***** Available data *****

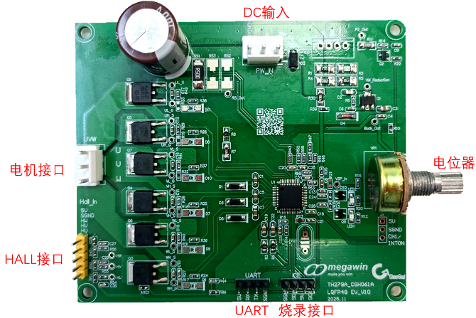 CGH系列EVB评估板通过双核架构**(8051+ MDE) 与分级驱动设计**,在兼顾开发易用性的同时,实现对BLDC电机控制性能的有效提升。其完整的接口引出与多型号配置,使工程师能够快速完成从评估验证到系统开发的过渡,特别适用于对开发效率与稳定性要求较高的电机控制项目。
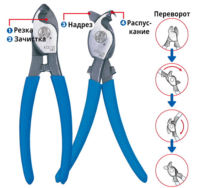 Ножницы кабельные комбинированные Tsunoda KCC-22 из серии KingTTC — это профессиональный многофункциональный инструмент (162 мм) с отличной эргономикой. Благодаря уникальному инверсивному механизму, он совмещает в себе функции резки, зачистки, надреза и распускания кабеля, что делает его незаменимым в электромонтажных работах.
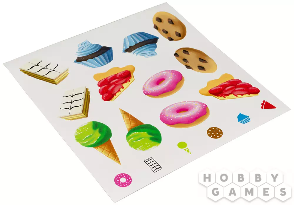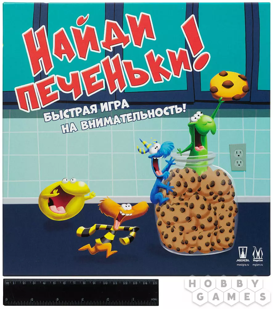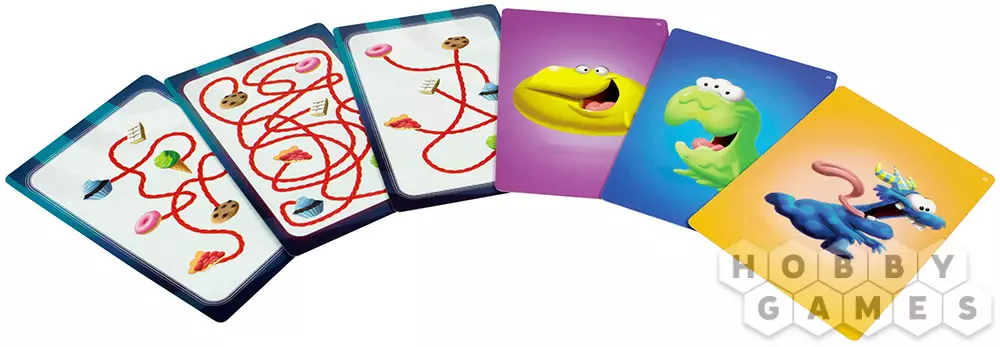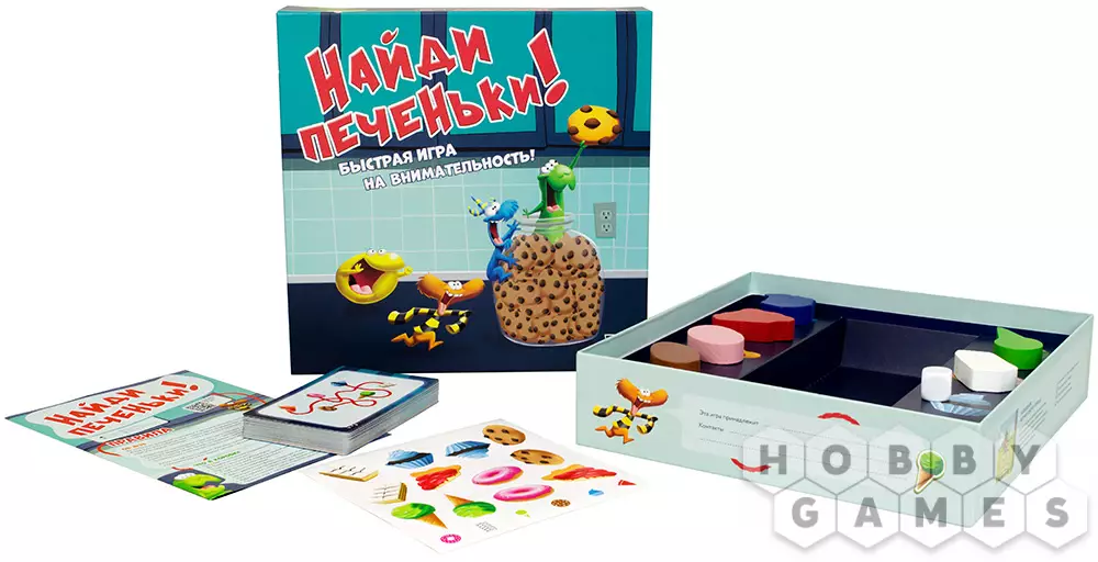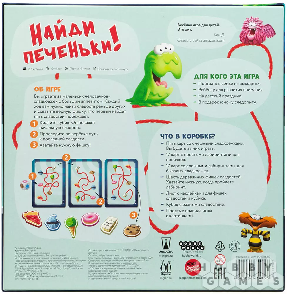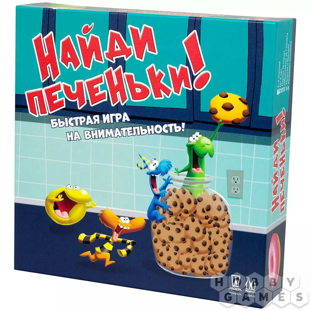 “Найди печеньки!” – быстрая игра на внимательность. В начале каждого хода на столе выкладывается ряд из трёх карт, на которых изображены сладости, между которыми протянут верёвочный лабиринт. Бросок кубика определяет, с изображения какой вкусности необходимо начать игру. Далее нужно по верёвочке отследить путь от первой печеньки первой карты до последней на третьей карте.
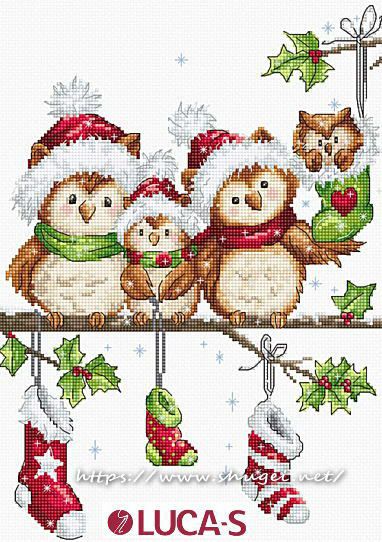 【Luca-sルーカス社】B1186・The Owls・フクロウとクリスマス・クロスステッチキット・16CT・19×26.5
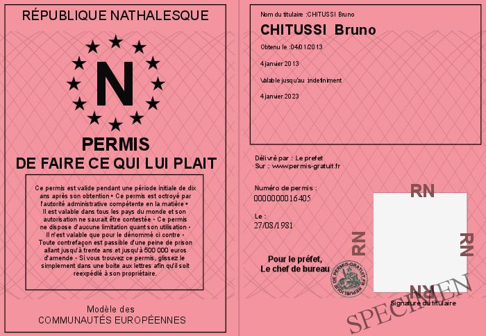 Envoyez par email le Permis de faire ce qui lui plait personalisé
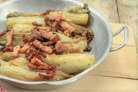 . POUR UN GRATIN: – Faire cuire comme ci-dessous mais sans les baies de genièvre …. Ranger les endives dans un plat à gratin huilé….. Recouvrir de plusieurs lamelles de fromage au cumin et faire gratiner 5 mn sous le grill du four.
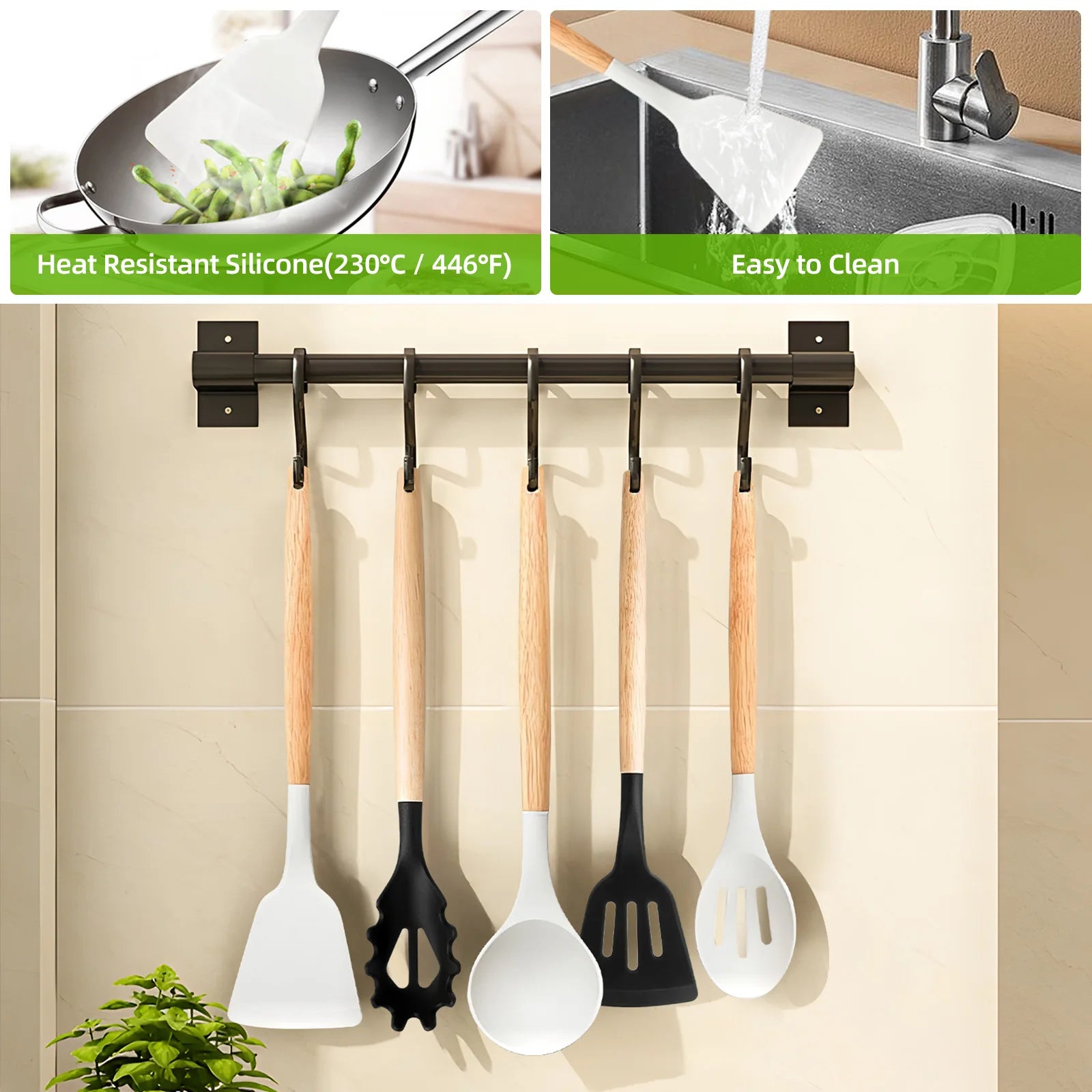 Odkryj nasz Zestaw Narzędzi Kuchennych Silikonowych Odporny na Ciepło do 230°C, stworzony z myślą o wszystkich miłośnikach gotowania. Ten wszechstronny zestaw narzędzi kuchennych składa się z 20 wysokiej jakości akcesoriów, które umożliwiają łatwe przygotowanie potraw, a przy tym są odporne na wysokie temperatury. Dzięki eleganckiemu designowi i funkcjonalności, nasz zestaw będzie idealnym uzupełnieniem każdej kuchni. Począwszy od mieszania, przez przekładanie, aż po serwowanie – nasze narzędzia sprostają każdemu wyzwaniu kulinarnemu.
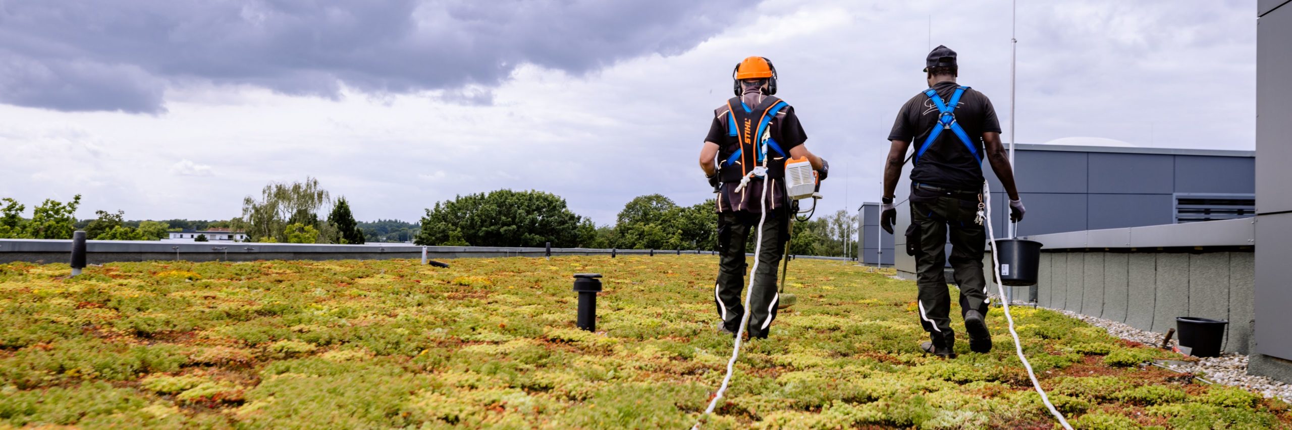 Pflegearbeiten auf Dächern erfordern Fachwissen und die richtige Ausrüstung. Unser Team ist für Arbeiten in der Höhe geschult und kennt die technischen Anforderungen unterschiedlicher Dachbegrünungen.
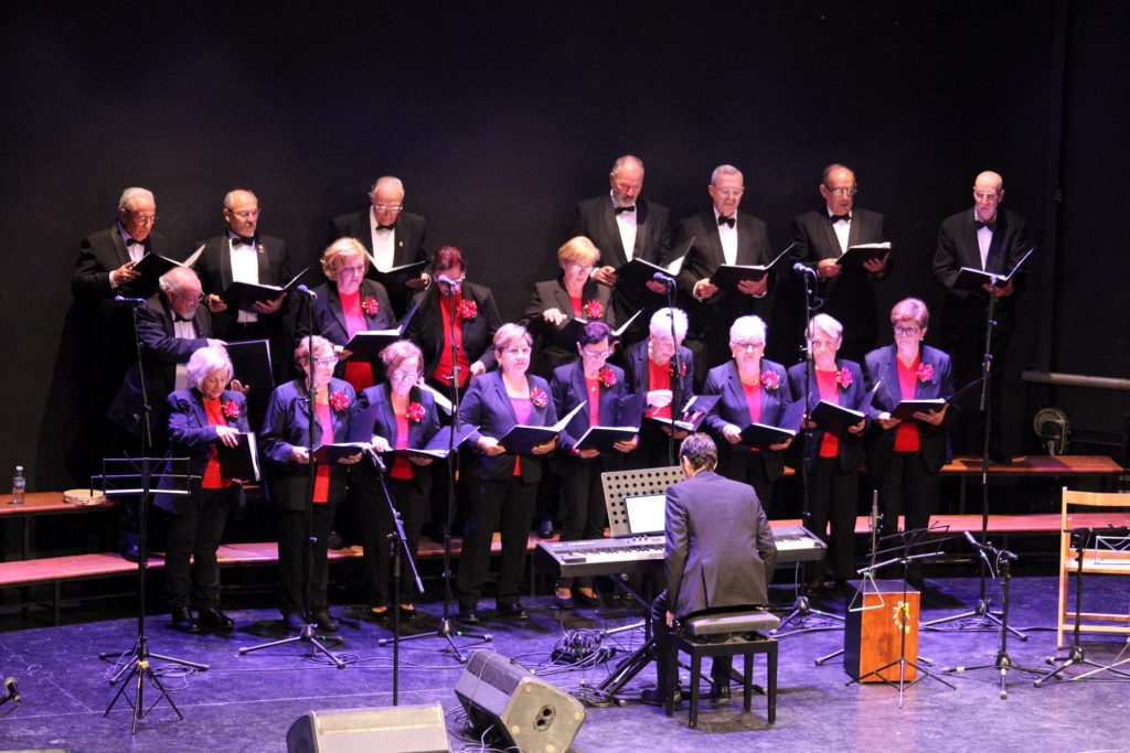 Como broche final, las tres formaciones se unieron para interpretar el tradicional “Riu, riu, chí”, una pieza popular que llenó el auditorio de voces combinadas y cerró el evento entre aplausos prolongados.
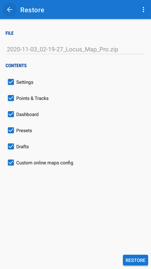 • Restore - shows content of /Locus/backup/ directory from which you can select a backup file to restore. In the case of a file with all backups, you are prompted to select what content of the package you want to restore.

*****

## What is required
Without including any pictures, output all the entries above exactly.

## Solution
 CGH系列EVB评估板通过双核架构**(8051+ MDE) 与分级驱动设计**,在兼顾开发易用性的同时,实现对BLDC电机控制性能的有效提升。其完整的接口引出与多型号配置,使工程师能够快速完成从评估验证到系统开发的过渡,特别适用于对开发效率与稳定性要求较高的电机控制项目。
 Ножницы кабельные комбинированные Tsunoda KCC-22 из серии KingTTC — это профессиональный многофункциональный инструмент (162 мм) с отличной эргономикой. Благодаря уникальному инверсивному механизму, он совмещает в себе функции резки, зачистки, надреза и распускания кабеля, что делает его незаменимым в электромонтажных работах.
 “Найди печеньки!” – быстрая игра на внимательность. В начале каждого хода на столе выкладывается ряд из трёх карт, на которых изображены сладости, между которыми протянут верёвочный лабиринт. Бросок кубика определяет, с изображения какой вкусности необходимо начать игру. Далее нужно по верёвочке отследить путь от первой печеньки первой карты до последней на третьей карте.
 【Luca-sルーカス社】B1186・The Owls・フクロウとクリスマス・クロスステッチキット・16CT・19×26.5
 Envoyez par email le Permis de faire ce qui lui plait personalisé
 . POUR UN GRATIN: – Faire cuire comme ci-dessous mais sans les baies de genièvre …. Ranger les endives dans un plat à gratin huilé….. Recouvrir de plusieurs lamelles de fromage au cumin et faire gratiner 5 mn sous le grill du four.
 Odkryj nasz Zestaw Narzędzi Kuchennych Silikonowych Odporny na Ciepło do 230°C, stworzony z myślą o wszystkich miłośnikach gotowania. Ten wszechstronny zestaw narzędzi kuchennych składa się z 20 wysokiej jakości akcesoriów, które umożliwiają łatwe przygotowanie potraw, a przy tym są odporne na wysokie temperatury. Dzięki eleganckiemu designowi i funkcjonalności, nasz zestaw będzie idealnym uzupełnieniem każdej kuchni. Począwszy od mieszania, przez przekładanie, aż po serwowanie – nasze narzędzia sprostają każdemu wyzwaniu kulinarnemu.
 Pflegearbeiten auf Dächern erfordern Fachwissen und die richtige Ausrüstung. Unser Team ist für Arbeiten in der Höhe geschult und kennt die technischen Anforderungen unterschiedlicher Dachbegrünungen.
 Como broche final, las tres formaciones se unieron para interpretar el tradicional “Riu, riu, chí”, una pieza popular que llenó el auditorio de voces combinadas y cerró el evento entre aplausos prolongados.
 • Restore - shows content of /Locus/backup/ directory from which you can select a backup file to restore. In the case of a file with all backups, you are prompted to select what content of the package you want to restore.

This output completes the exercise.